The stipulated facts are that in October 1974 the executors advertised for sealed bids for the tract of real estate. Prior to the opening of bids, Conway Vickers, a person entitled to preference under Item XVII, indicated that his understanding of the will was that he was entitled to the right of refusal to purchase the property. One of the executors disagreed with this interpretation of the will and stated that Conway Vickers would have to enter a bid for consideration by the executors. The bids were opened on November 5,1974, and the lone bid for $150,000 made by an outsider was rejected. Conway Vickers was present at the opening and later that same day made an oral offer of $250,000. This offer was taken under consideration.

Thereafter during November the executors negotiated an agreement with a.third person to sell the property for $350,000. Neither prior to the agreement nor subsequent to it did the executors offer to sell the property to Conway Vickers for $350,000 or substantially that amount. On December 2, 1974, he called one of the executors saying that he was prepared to pay $350,000 for the property. The executor replied that he was sorry but that they had already committed themselves to someone else.

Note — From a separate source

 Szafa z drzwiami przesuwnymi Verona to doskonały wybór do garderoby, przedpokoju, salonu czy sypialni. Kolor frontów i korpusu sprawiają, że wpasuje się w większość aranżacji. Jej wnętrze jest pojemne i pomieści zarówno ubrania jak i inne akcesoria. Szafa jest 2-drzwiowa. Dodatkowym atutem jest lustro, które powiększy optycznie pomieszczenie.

Conway Vickers immediately filed this action in Coffee Superior Court seeking declaratory judgment, injunction, and construction of the will. Subsequently three intervenors were added as plaintiffs with the consent of Conway Vickers. The court considered the pleadings and stipulation of facts and issued an order construing the will. The court found (1) that pursuant to the will and particularly Item XVII thereof, the plaintiffs were entitled to be given preference in the purchase of the acreage, (2) that to provide such a preference, the executors would be required to notify the plaintiffs of any bona fide offer from a person not entitled to a higher *851preference and to give the plaintiffs a reasonable time to make an offer to purchase at a substantially equal amount, (3) that the executors had failed to provide such preference here and were enjoined from consummating the sale, (4) that Conway Vickers must give bond and security, and (5) that the plaintiffs be permitted to purchase the property for $350,000 within 30 days.

The executors have appealed to this court charging that the trial court erred in construing the will to require notification and allowance of a reasonable time to the plaintiffs to purchase the property and also erred in enjoining the pending sale of the property. They contend that they were given "broad discretion” under Item XVII and that their decision reached in good faith should be final and binding.

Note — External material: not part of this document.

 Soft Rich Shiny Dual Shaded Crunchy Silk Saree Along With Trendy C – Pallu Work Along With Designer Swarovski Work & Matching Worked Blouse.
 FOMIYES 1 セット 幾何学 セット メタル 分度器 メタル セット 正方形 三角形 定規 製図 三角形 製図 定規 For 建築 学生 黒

The cardinal rule in the construction of wills is to seek the intent of the testator. "In the construction of all legacies, the court shall seek diligently for the intention of the testator and give effect to the same as far as it may be consistent with the rules of law.” Code Ann. § 113-806.

The will in this case gave the executors broad discretionary power to dispose of the acreage, by public or private sale, including the power to divide it into parcels rather than sell it as a whole if they so determined. The testatrix expressed her desire that the property not be sold to a pulp or paper company unless it would not be practicable to realize substantially its fair value by selling to an individual. She also indicated that she wished them in considering a sale to give preference first to her blood relatives and second to her deceased husband’s relatives and that those entitled to a preference be entitled to buy at a price equal to, or substantially equal to, the best bona fide offer of a third person. The testatrix clearly intended for the executors to give these relatives a preference.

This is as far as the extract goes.